Around 4/5 years ago (Im now 50) I started teaching myself piano....no teacher, with the express goal of learning some of my favourite Bach Piano works (I've been a listener/junkie of Bach since my early 20's) I didn't take a teacher because I didn't have much money and I felt I already knew what it means to practice an instrument. So off I jumped....learning Bach. (very odd way to learn an instrument so take what I say about Bach with a grain of salt!)

BUT....as I said, I feel re-assured reading this forum as I've also found maximum patience, repetition and anchor points in learning any Bach to be critical.
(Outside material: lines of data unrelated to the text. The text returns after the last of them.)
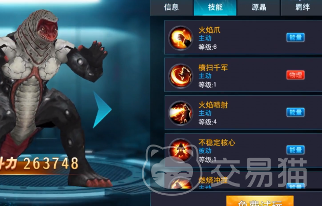 这个游戏的设定非常独特,除了可以变身成奥特曼之后,玩家也可以化身成为怪兽的形象参与战斗,游戏歌尔赞是一个战斗力相对来说比较强的反派角色,这个角色有很多不同的技能可以选择,在游戏里最推荐使用的就是火焰爪这个主动技能,可以在对战的时候给对方带来很大的伤害,同时还可以增加一个不稳定核心这个被动技能,这样在角色被攻击的时候能进行能量的释放,在这个时候可以短期的触发狂暴性能。
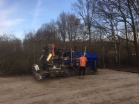 Biddinghuizen - 3 maart 2017. Na het verwijderen van de minibaan en het afgraven van de grond werd de zandlaag aangebracht.
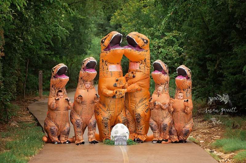 2018年10月10日在無論大小事都喜歡拍照留念的美國,拍攝孕婦寫真是非常平常的事。可是這名4個小孩的媽媽卻決定來點不一樣的,她找來了全家大小一起穿上充氣恐龍裝拍攝了這些獨一無二的照片,讓他們在網路上迅速爆紅!
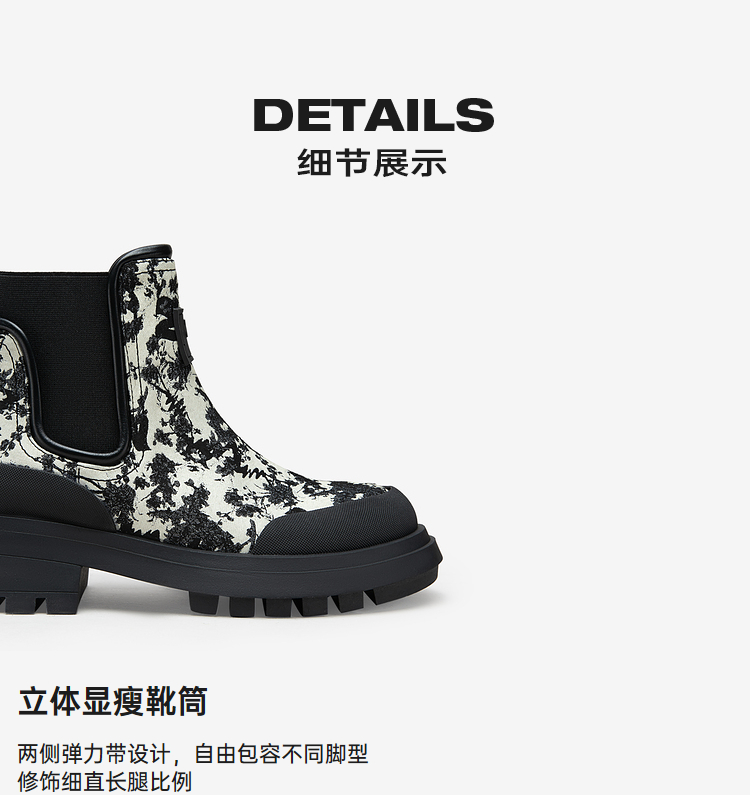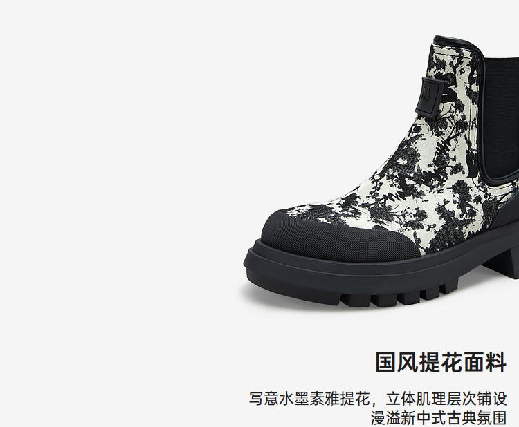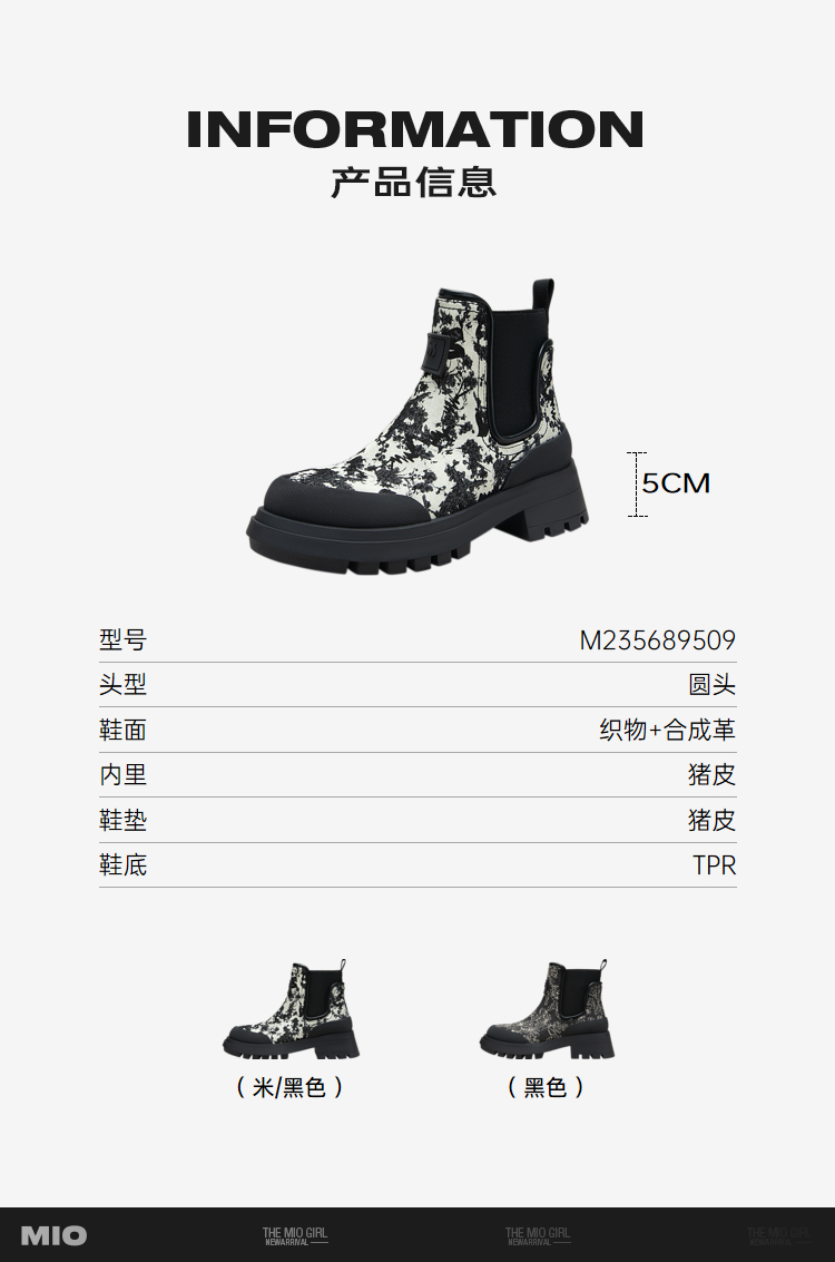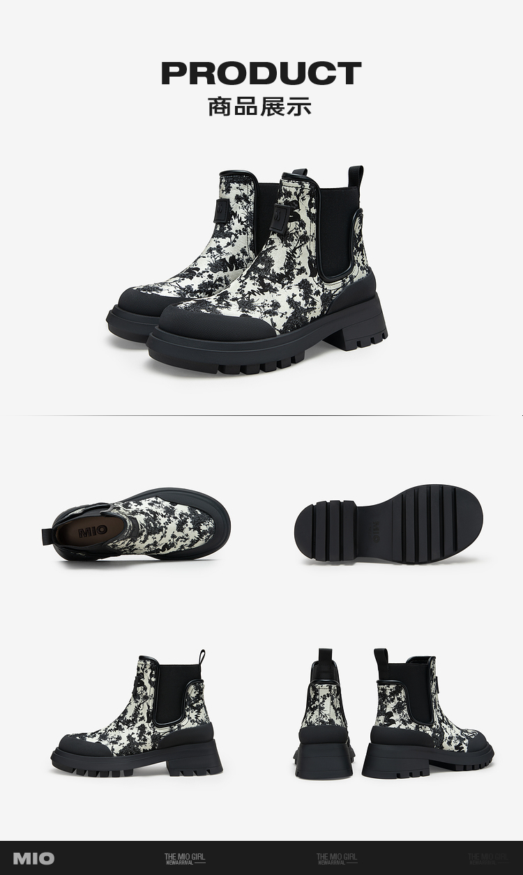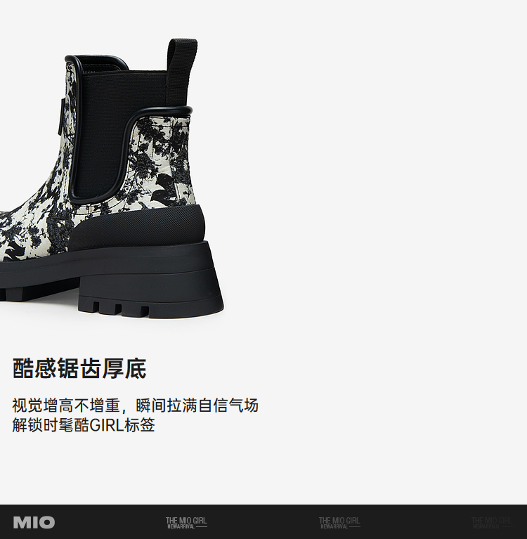MIO米奥冬季新款靴子圆头中跟酷感厚底新中式切尔西靴女靴M235689509

As for your 'mind going off somewhere', I would add something else that I haven't seen mentioned and maybe some will say is a bit esoteric, but you need to stay present with the unfolding music. In other words, you need to show up!!

In fact I'm convinced that it is this aspect of the music that makes us love Bach so much. It's as if Bach was saying, 'Listen, if you really want to play this music, sure get it under your fingers, but if you don't show up, it dies!'

Maybe what that means, in an attempt to put this admittedly esoteric idea in more concrete/practical terms, is that each voice, in fact each phrase needs to have a musical argument. In other words, you need to have a take on what you're going for with each phrase at any given moment. And if you know a piece so well that you can confidently say that you have a musical take at any given moment in the piece, then you're going to want to show up to execute it! If that makes sense.

I have so many other thoughts on Bach...on the wonder and sheer benefits of learning it. I definitely don't have a problem with finding the motivation or excitement to learn the next Bach piece! (nerd emoji)


Last edited by HC110; 02/24/20 06:32 AM.

So I say:

I have adopted this and made it my own: [clap clap]
Cut back the weakness, reinforce what is strong. [repeat]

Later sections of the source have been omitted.